Without knowing the original article context, it's really hard to know what
the exact prediction is. It seems clear from looking around that most people
who reference the article are global-denialists as I haven't found anyone
verify that the newspaper reporter was accurate in the report.

So, I looked for the report.
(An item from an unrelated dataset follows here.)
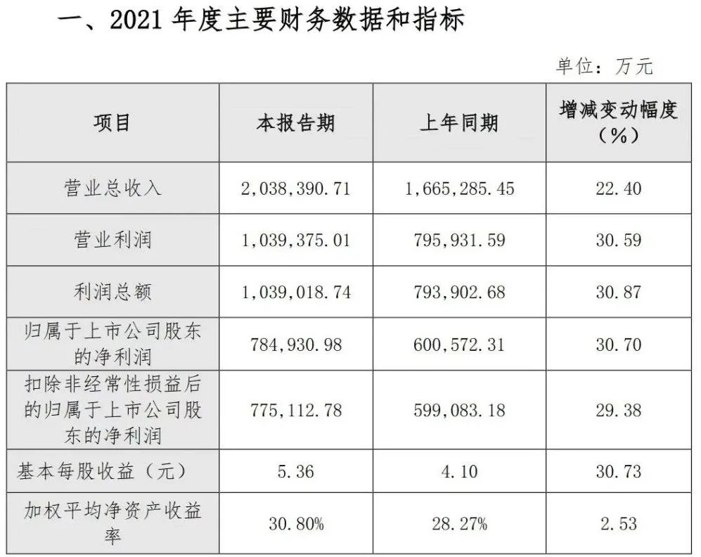 3月11日晚間,瀘州老窖披露2021年業績快報,公司實現營業總收入203.84億元,同比增長22.4%;歸母凈利潤78.49億元,同比增長30.7%。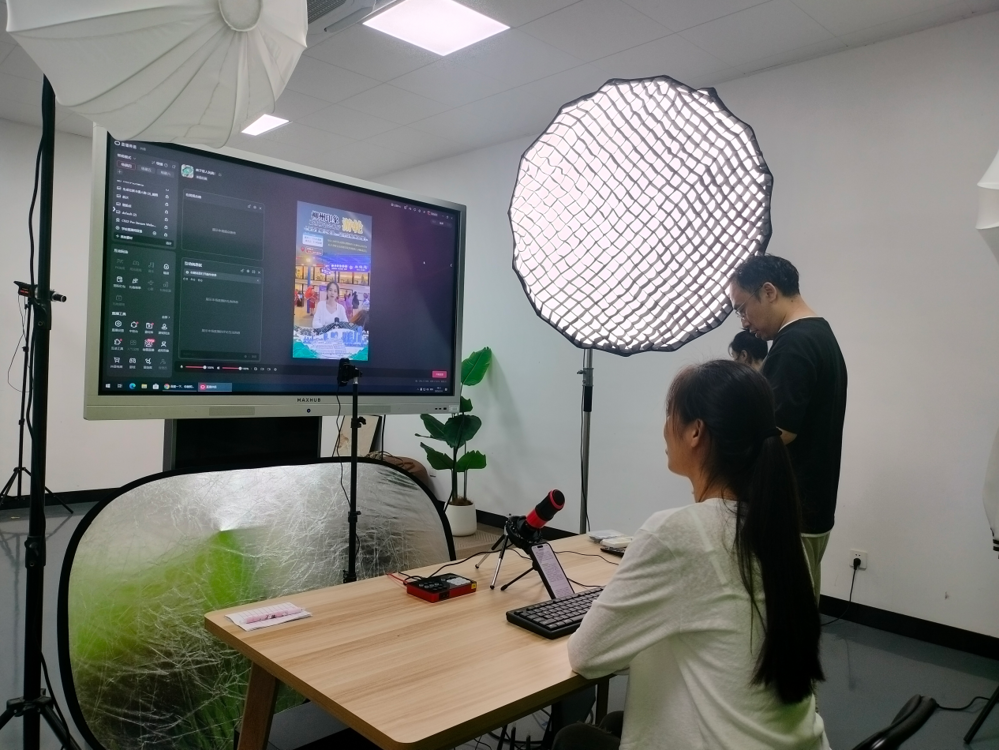 梁丽明同学在崇文楼106智能直播间进行岗前试播

I believe it's "The State of the World
Environment 1989 - UNEP/GC.15/7/Add.2" dated April 1989 at
[https://wedocs.unep.org/bitstream/handle/20.500.11822/28295/...](https://wedocs.unep.org/bitstream/handle/20.500.11822/28295/TSE89.pdf?sequence=1&isAllowed=y)
. The prediction on p23./paragraph 68 is:

> Even then, estimates of temperature increase vary widely—from 0.7°C to
> 9.6°C. Recent studies agree, however, that doubling the carbon dioxide
> concentration from the pre-industrial level of 270 ppmv will probably
> increase global mean temperature by 1.5°C to 4.5°C (47, 48, 49)—but most
> likely by 2°C.

+0.82°C is larger than 0.7°C, so well within that predicted range - certainly
on the low-end, but not enough to be rejected as "shit" given how the report
explicitly states the uncertainty.

The 1 degree could have been 0.82°C rounded (up) to the nearest degree, or
1.476°F rounded (down) to the nearest degree.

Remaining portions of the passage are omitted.